Барщ пришел первый. Не отрапортовал, не встал навытяжку, смотрел Маркевичу в глаза чуть ли не с ненавистью.
— Ничего не осталось от первого взвода. Даже хоронить не надо, утоптали, как глиняный пол. Может, кто из них сбежал?
Маркевич отвернулся. Цебуля возвращался по одной из тех новых дорог, которые пролегли через деревья, ограды, строения. Он был возбужден, торопливо отвел подпоручика в сторону и вполголоса быстро докладывал:
— Все ушли! Одну бабу я нашел под периной; рассказывает, как началось, капитан туда-сюда, солдат собирать. Молодого, Водзинского, значит, уже не досчитались. Капитан приказал построиться, и все бегом в Кшепицы. Мужики тоже разбежались кто куда: в кусты, на болото, в город. А баба не поспела, со страху под перину…
— В Кшепицы?
— Значит, в дивизию… Дорогой, что возле границы…
Маркевич достал карту. Главное, не показать Цебуле, как поразило его это известие. Дрожащим пальцем он водил по карте. Кшепицы, двадцать километров к востоку от Бабиц. Железнодорожная линия, шоссе. Там главная магистраль, орудия, минные поля. Неделю назад они приехали туда поездом из Велюня, здесь полустанок, дорога, по которой они пришли в Бабицы, здесь разъезд. Танки пошли к разъезду. Они не спешат на Кшепицы, на минные поля. Предпочитают с тыла…
А капитан Потаялло прямо в дивизию, бегом. На бегу составляет рапорт: первый взвод растоптан, третий взвод растоптан…
Эта дерзкая мысль несколько успокоила Маркевича. Теперь и на Цебулю можно посмотреть. Цебуля переминается с ноги на ногу, у него готов совет.
— Я бы, пан подпоручик, людей собрал и тоже на Кшепицы, за капитаном… Какой тут толк от нас? Вдесятером…

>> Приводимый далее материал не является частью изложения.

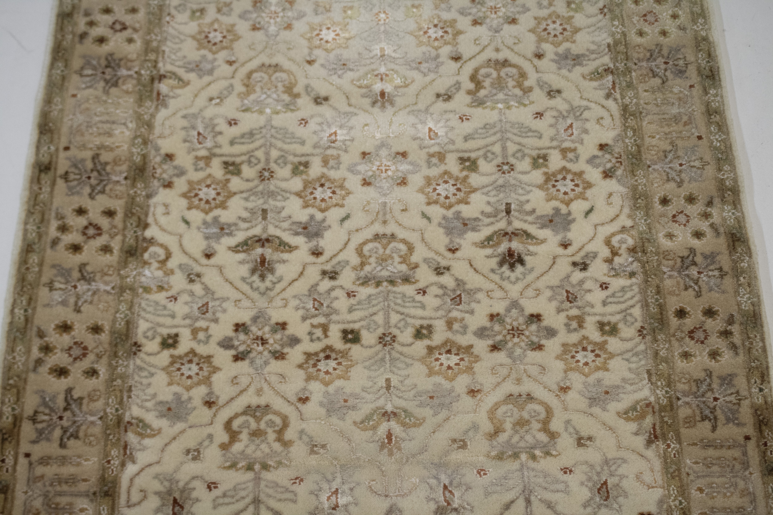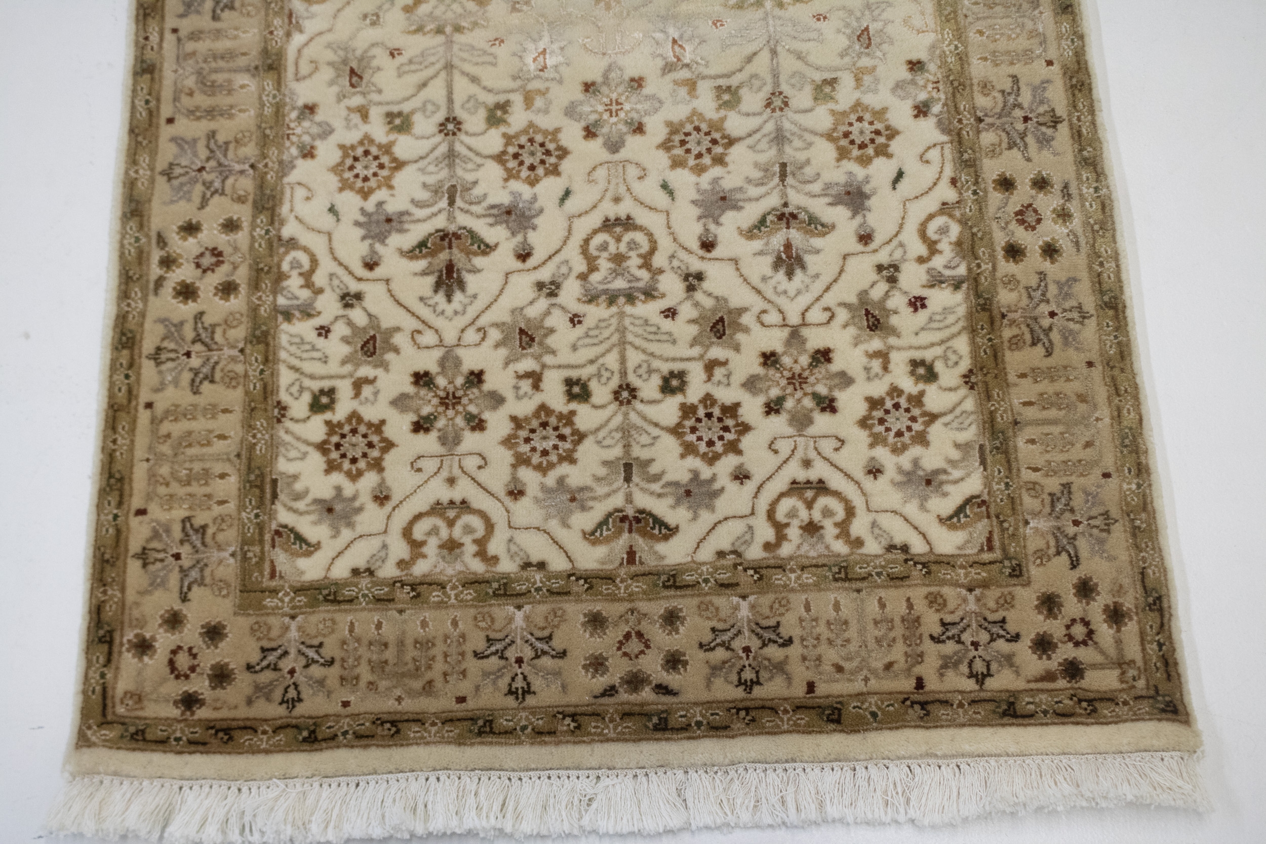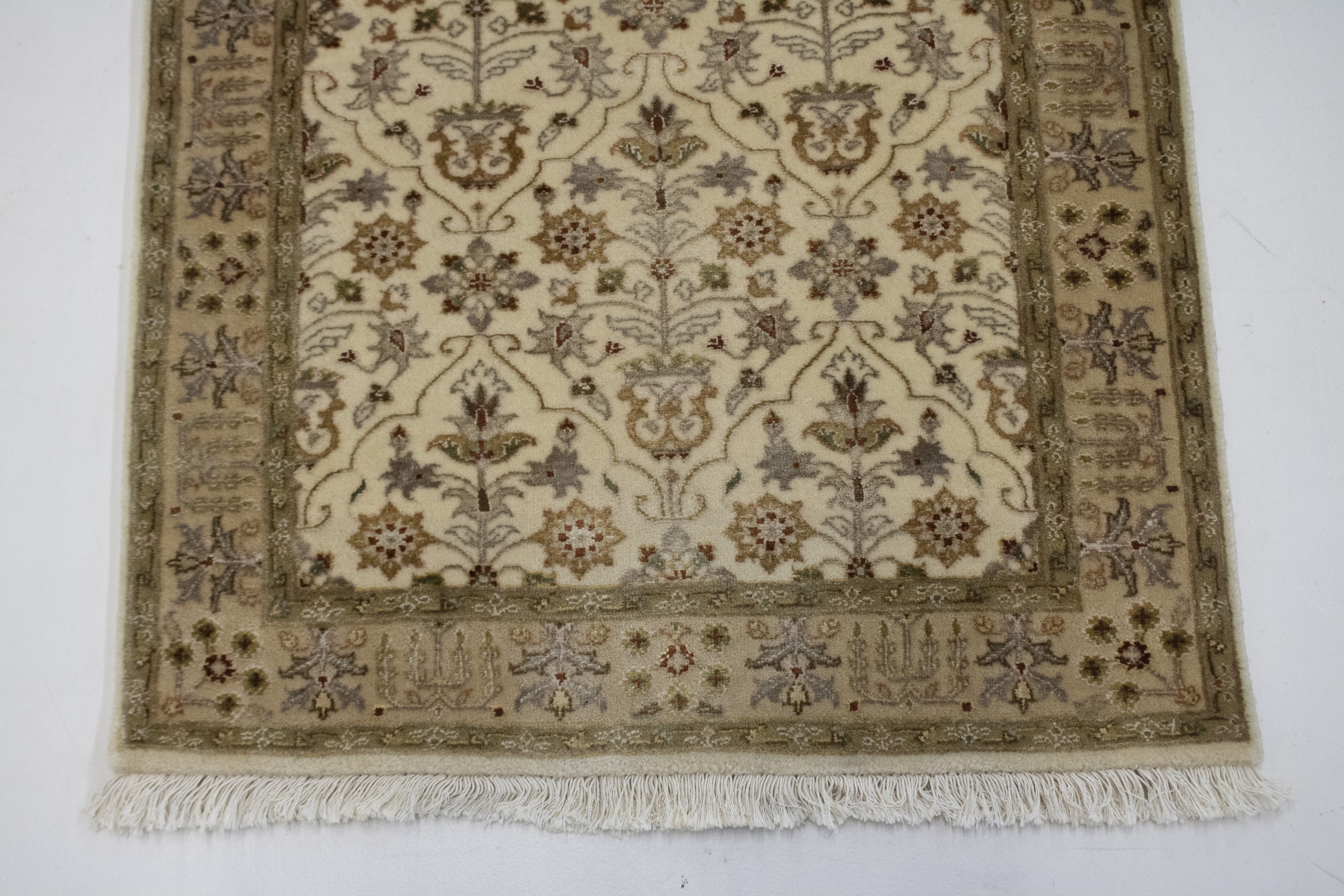 This genuine 2'5X4'8 cream new Oriental rug was well-constructed by the hands of master weavers motivated by a variety of stunning artistic designs, to recreate the aged look of the exceptional piece with a richness of color and developed decorative background field. What set this vintage style Oriental area rug from the others are the material and dye used (wool pile and cotton foundation), knot count, ancient designs, fantastic grades, and its regional historical connection: it has deep roots, from the story of the people who produced it to the meaning of the symbols and colors displayed across its canvas that have been praised for centuries. This Indian home décor carpet will be completely cozy and inviting that never will go out of style! Also, this Oriental rug would be among your most valuable treasures, it is a great investment that increase in value over time, and it will last a lifetime because was woven with high-quality, all-natural wool. Eco-friendly, opulent yet affordable; this rug/runner give you an extra pop of character to help define your home environment with elegance and warmth that will capture the eyes and attention of your audience (homeowners, designers, decorators, family and friends). OT-2146

— На Кшепицы? Немцы, верно, двинулись вдоль всей границы…
— Ну, тогда на полустанок…
— За танками?
— Ну, так через поля, напрямую. Лишь бы скорей!..
Двинулись они не так и не этак, а по тропинке, которая обещала на полчаса сократить им путь до железнодорожного полотна. Оружие, сколько удалось, взяли с собой, полные ранцы патронов. Прошли стороной от деревни; несмотря на донесение Цебули, Маркевич боялся попасться на глаза разным Мацеям, боялся их взглядов, их прощальных слов.
Сгибаясь под тяжестью ноши, десятка быстро шла за ним. Казалось, только получив приказ оставить окоп, они осознали неотвратимость немецкого нашествия. Едва Маркевич дал команду, они один за другим выскакивали наверх, пригибаясь, украдкой оглядываясь, не приближается ли немецкая пехота, которая не пронесется мимо, не раздавит все, как танки, а закрепится здесь. Солдаты шли ускоренным шагом, они снова подчинялись офицеру. Маркевич понимал их. Он сам пережил странное потрясение, когда наконец приказал солдатам оставить окоп. Он будто заново начал жить, будто вновь почувствовал терпкий вкус яблок, росших в саду, оставшемся позади; почувствовал, что солдаты устали и, двигаясь по песчаной тропинке, устанут еще больше. Мир, который в течение того страшного получаса вовсе не существовал, а в короткие мгновения после атаки воспринимался как при замедленной съемке, в плотном смешении красок, линий, плоскостей, быть может и прекрасных, волнующих, но лишенных конкретного значения, бесполезных для жизни, — этот мир, едва они оставили окоп, вернулся во всей своей, скажем, вчерашней цельности. А вместе с этим пришло и предчувствие надвигающегося голода, и стыд, и злоба. И прежде всего страх, страх перед немцами, их огнем, их атакой, перед пленом, ранением, смертью.
И вдобавок ко всему — огромное облегчение оттого, что они уходят, что бросили проклятый песчаный холм.
Там в течение получаса он не чувствовал страха. Смерть надвигалась на них волнами каждые несколько минут. После катастрофы с Шурготом Маркевич был совершенно уверен, что им тоже не выбраться. Он не думал об этом, а просто знал, что так будет. И внешний мир утратил в его глазах всякий практический смысл. Страх смерти вернулся к нему только с той минуты, когда миновала опасность близкого и неизбежного конца, когда уже не было непосредственной угрозы смерти. Страх перед смертью — неотделимой частицей мира, в котором мы живем, — вернулся вместе с этим миром. Потому что в те полчаса была другая жизнь, другой мир, другая планета.